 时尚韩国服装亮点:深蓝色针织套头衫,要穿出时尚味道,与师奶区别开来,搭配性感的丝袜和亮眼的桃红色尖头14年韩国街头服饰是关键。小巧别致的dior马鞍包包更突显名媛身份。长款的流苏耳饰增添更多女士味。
---
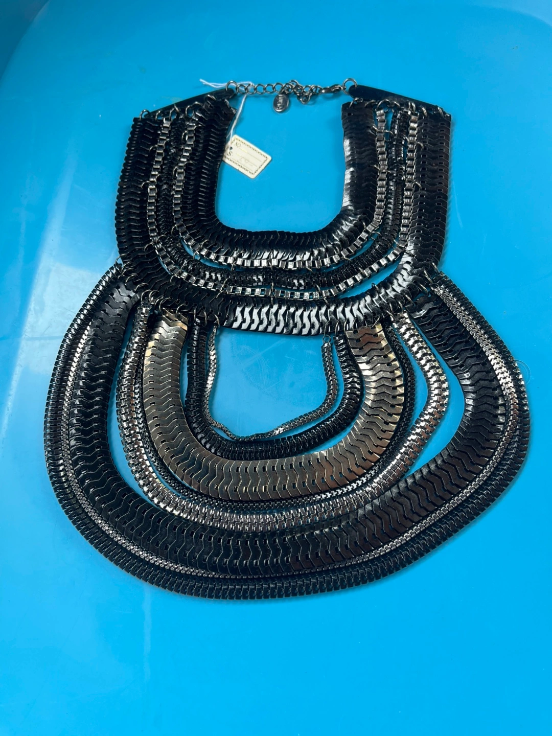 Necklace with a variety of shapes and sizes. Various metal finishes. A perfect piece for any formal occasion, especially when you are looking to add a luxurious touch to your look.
--
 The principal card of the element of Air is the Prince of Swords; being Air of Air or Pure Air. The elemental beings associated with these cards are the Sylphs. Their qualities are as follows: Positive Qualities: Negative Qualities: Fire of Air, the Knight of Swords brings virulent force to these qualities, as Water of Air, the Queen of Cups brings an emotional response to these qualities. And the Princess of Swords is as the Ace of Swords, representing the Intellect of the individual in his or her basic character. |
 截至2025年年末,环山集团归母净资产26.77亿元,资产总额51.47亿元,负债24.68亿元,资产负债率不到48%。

◆ **Task goal**: Retype, exactly and in full, the lines above from the one containing "The principal card" through the one containing "截至2025年年末,环山集团".

◆ **Result for this task**:
 The principal card of the element of Air is the Prince of Swords; being Air of Air or Pure Air. The elemental beings associated with these cards are the Sylphs. Their qualities are as follows: Positive Qualities: Negative Qualities: Fire of Air, the Knight of Swords brings virulent force to these qualities, as Water of Air, the Queen of Cups brings an emotional response to these qualities. And the Princess of Swords is as the Ace of Swords, representing the Intellect of the individual in his or her basic character. |
 截至2025年年末,环山集团归母净资产26.77亿元,资产总额51.47亿元,负债24.68亿元,资产负债率不到48%。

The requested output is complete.